Title: The Old Computer Challenge V2: day 2
       Author: Solène
       Date: 11 July 2022
       Tags: life offline oldcomputerchallenge nocloud
       Description: Second day of the old computer challenge v2 (limited to 60
       minutes of Internet a day), it's harder than expected!
       
       # Intro
       
       Day 2 of the Old Computer Challenge, 60 minutes of Internet per day. 

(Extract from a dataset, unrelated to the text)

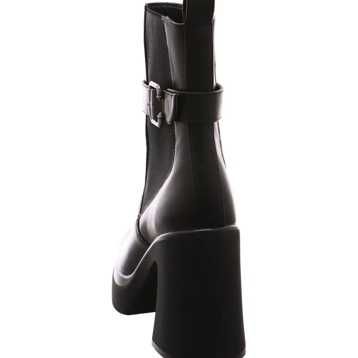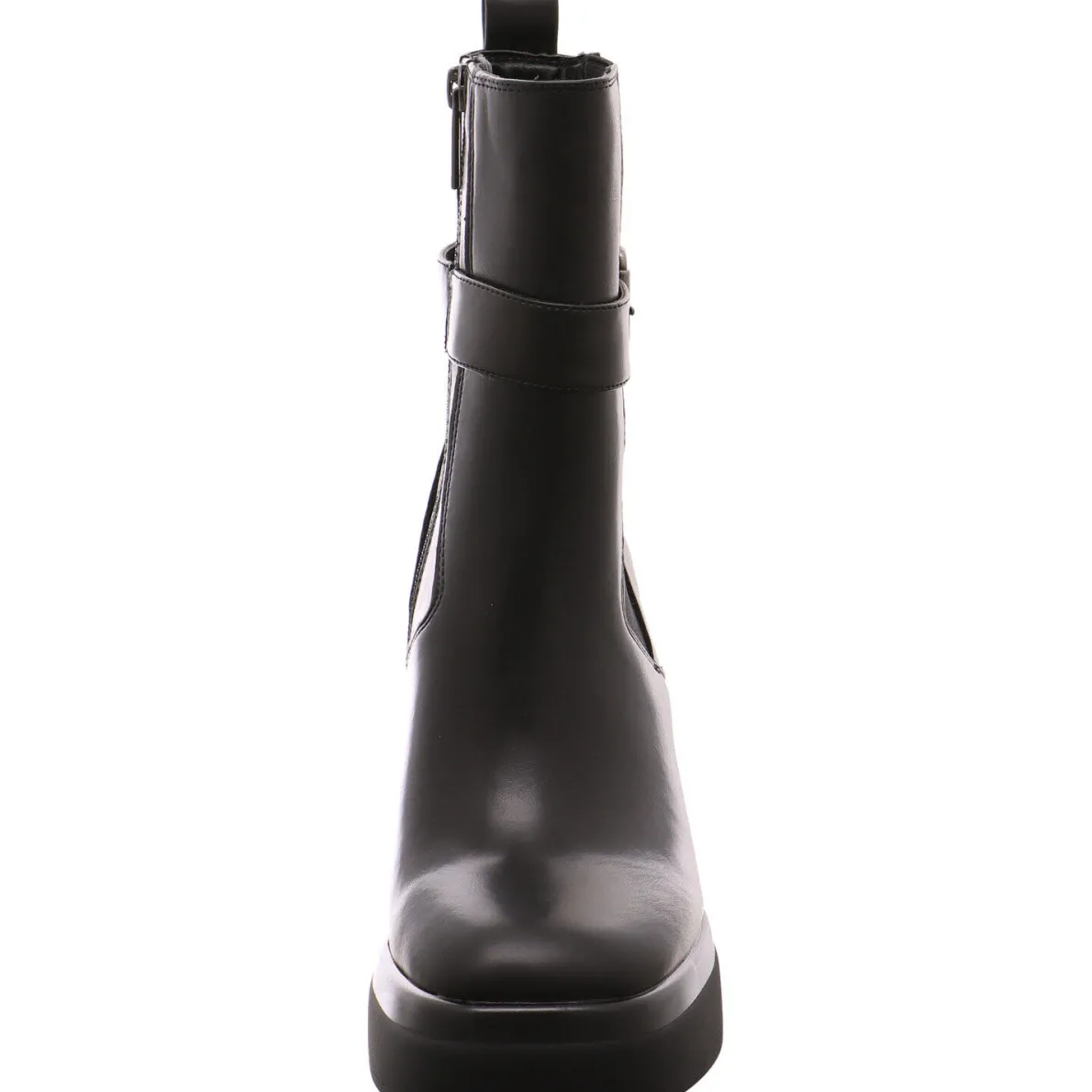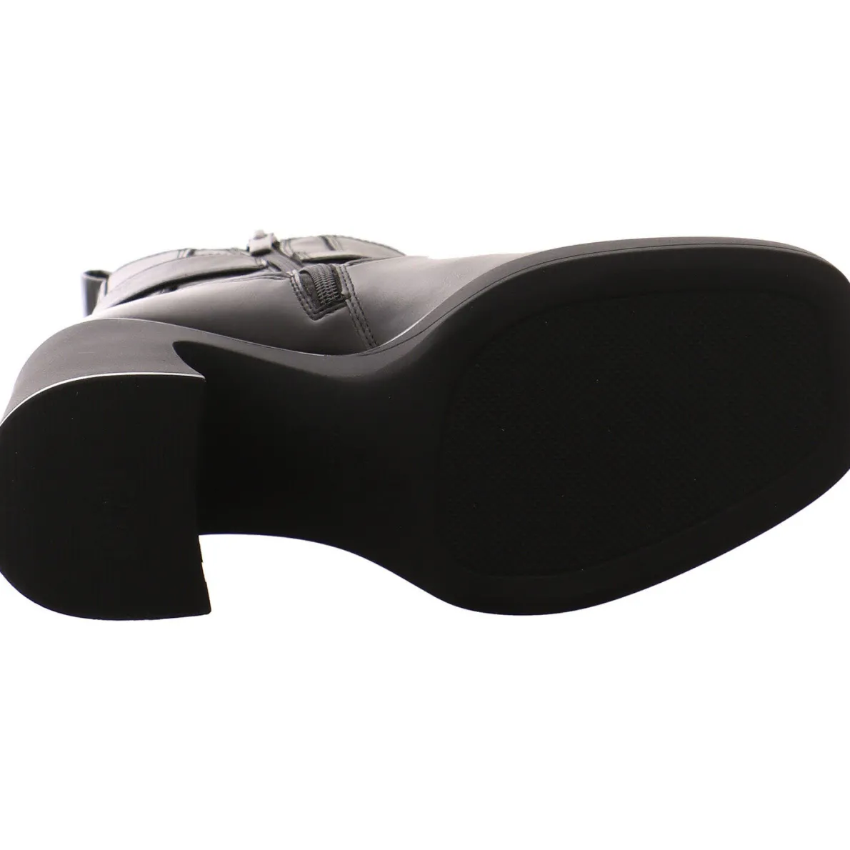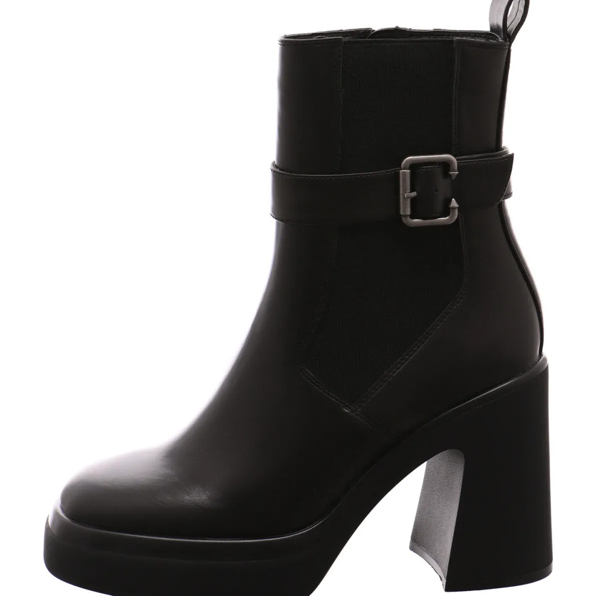 Gefertigt aus pflegeleichtem Kunstleder in Schwarz, ist sie auf der einen Seite mit einem Gummipanel und auf der anderen Seite mit einem seitlichen Reißverschluss versehen der für einen leichten Einstieg sorgt. Die kleine Zierschnalle gibt dem sonst eher schlichten Schuh eine besondere Note und macht ihn zum Hingucker.

       Yesterday I said it was easy.  I changed my mind.
       
       # Internet feels natural
       
       I think my parents switched their Internet subscription from RTC to DSL
       around 2005, 17 years ago, it was a revolution for us because not only
       it was multiple time faster (up to 16 kB/s !) but it was unlimited in
       time!  Since then, I only had unlimited Internet (no time, no quota),
       and it became natural to me to expect to have Internet all the time.
       
       Because of this, it's really hard for me to just think about tracking
       my Internet time.  There are many devices in my home connected to the
       Internet and I just don't think about it when I use them, I noticed I
       was checking emails or XMPP on my phone, I turned its Wi-Fi on in the
       morning and forgot about it then.
       
       There are high chances I used more than my quota yesterday because of
       my phone, but I also forgot to stop the time accounting script. (It had
       a bug preventing it to stop correctly for my defense).  And then I
       noticed I was totally out of time yesterday evening, I had to plan a
       trip for today which involved looking at some addresses and maps,
       despite I have a local OpenStreetMap database it's rarely enough to
       prepare a trip when you go somewhere the first time, and that you know
       you will be short on time to figure things out on the spot.
       
       # Internet everywhere
       
       Ah yes, my car also has an Internet connection with its own LTE access,
       I can't count it as part as the challenge because it's not really
       useful (I don't think I used it at all), but it's there.
       
       And it's in my Nintendo Switch too, but it has an airplane mode to
       disable connectivity.
       
       And Steam (the game library) requires being online when streaming video
       games locally (to play on the couch)...
       
       So, there are many devices and software silently (not always) relying
       on the Internet to work that we don't always know exactly why they need
       it.
       
       # Open source work
       
       While I said I wasn't really restrained with only one hour of Internet,
       this was yesterday.  I didn't have a feeling to work on open source
       project in the day, but today I would like to help to review packages
       updates/changes, but I couldn't.  Packaging requires a lot of bandwidth
       and time, it requires searching for errors if they are known or new, it
       just can't be done offline because it relies on many external packages
       that has to be downloaded, and with a DSL line it takes a lot of time
       to keep a system up to date with its development branch.
       
       Of course, with some base materials like the project main repository,
       it's possible to contribute, but not really at reviewing packages.
       
       # Second day review
       
       I will add my counter a 30 minutes penalty for not tracking my phone
       Internet usage today.  I still have 750 seconds of Internet when
       writing this blog post (including the penalty).
       
       Yesterday I improved my blog deployment to reduce the time taken by the
       file synchronization process, from 18s to 4s.  I'm using rsync, but I
       have four remote servers to synchronize: 1 for http, 1 for gemini, 1
       for gopher and 1 for a gopher backup.  As the output files of my blog
       are always generated and brand new, rsync was recopying all the files
       to update the modification time, now I'm using -c for checksum and -I
       to ignore times, and it's significantly faster and ensure the changes
       are copied.  I insist about the changes being copied, because if you
       rely on size only, it will work 99% of the time, except when you fix a
       single letter type that won't change the file size... been there.